▶ _WHAT NEEDS TO BE DONE_:
Go through the listing below and output exactly the line with "MQ-MZL8135冬装新款加绒加厚连帽旗袍连衣裙两件套", the line with "One common issue", and each line between; omit the rest.

▶ _DATA IN THIS EXERCISE_:
*****

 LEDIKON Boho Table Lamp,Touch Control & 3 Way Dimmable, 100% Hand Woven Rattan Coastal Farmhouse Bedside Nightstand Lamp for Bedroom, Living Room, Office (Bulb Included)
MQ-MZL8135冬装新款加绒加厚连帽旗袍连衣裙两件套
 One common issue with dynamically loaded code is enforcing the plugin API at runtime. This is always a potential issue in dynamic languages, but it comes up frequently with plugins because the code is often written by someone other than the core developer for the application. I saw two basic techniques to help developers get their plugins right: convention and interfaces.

*****

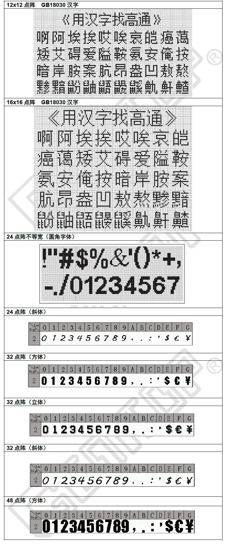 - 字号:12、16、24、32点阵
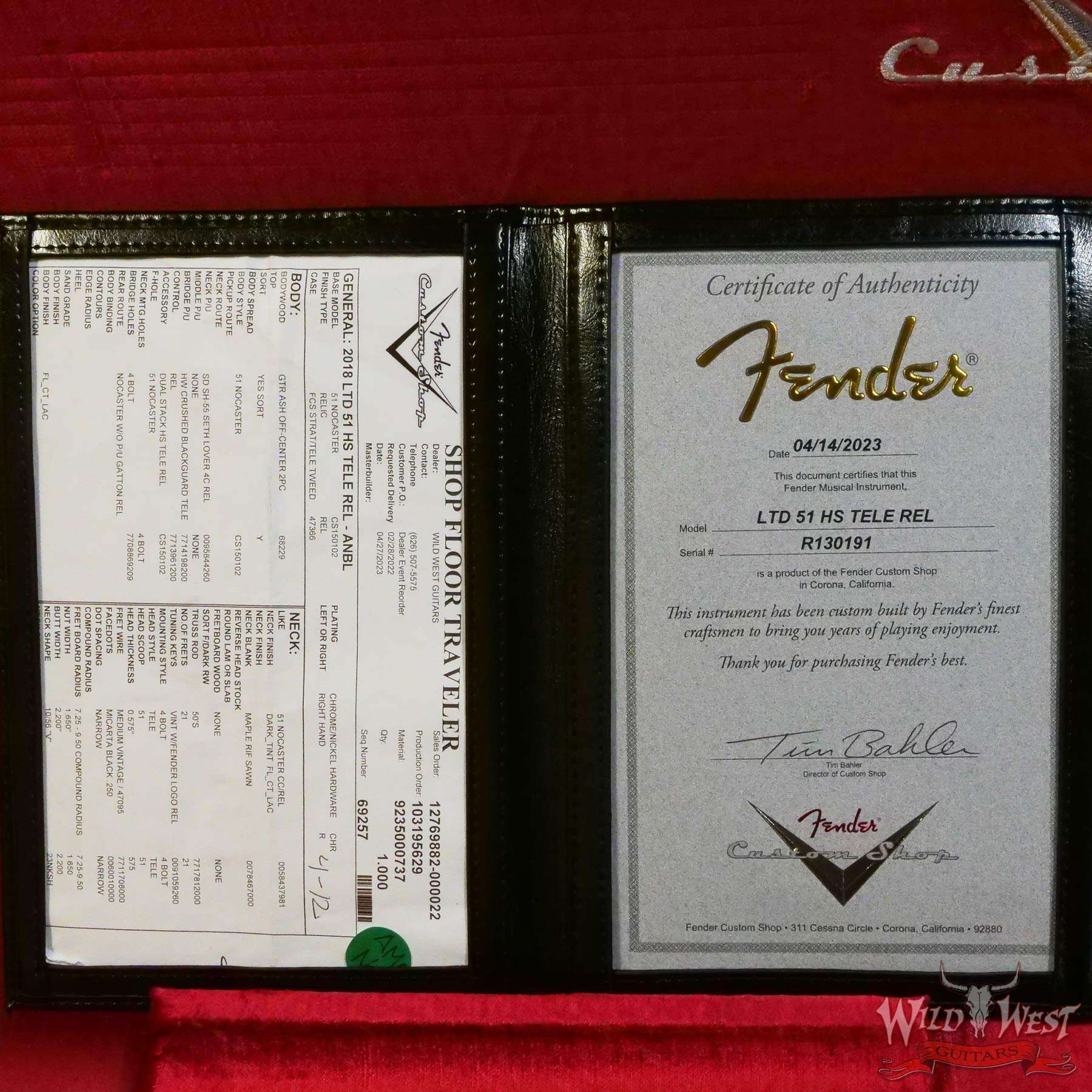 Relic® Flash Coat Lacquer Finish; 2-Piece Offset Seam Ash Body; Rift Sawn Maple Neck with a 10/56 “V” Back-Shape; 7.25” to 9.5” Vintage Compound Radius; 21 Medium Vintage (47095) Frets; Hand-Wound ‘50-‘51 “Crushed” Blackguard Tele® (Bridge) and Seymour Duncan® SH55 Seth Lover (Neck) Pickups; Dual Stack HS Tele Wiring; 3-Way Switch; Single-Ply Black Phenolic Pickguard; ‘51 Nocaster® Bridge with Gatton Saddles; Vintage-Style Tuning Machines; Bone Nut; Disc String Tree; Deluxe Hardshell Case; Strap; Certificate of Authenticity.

*****

▶ _TASK RESPONSE_:
MQ-MZL8135冬装新款加绒加厚连帽旗袍连衣裙两件套
 One common issue with dynamically loaded code is enforcing the plugin API at runtime. This is always a potential issue in dynamic languages, but it comes up frequently with plugins because the code is often written by someone other than the core developer for the application. I saw two basic techniques to help developers get their plugins right: convention and interfaces.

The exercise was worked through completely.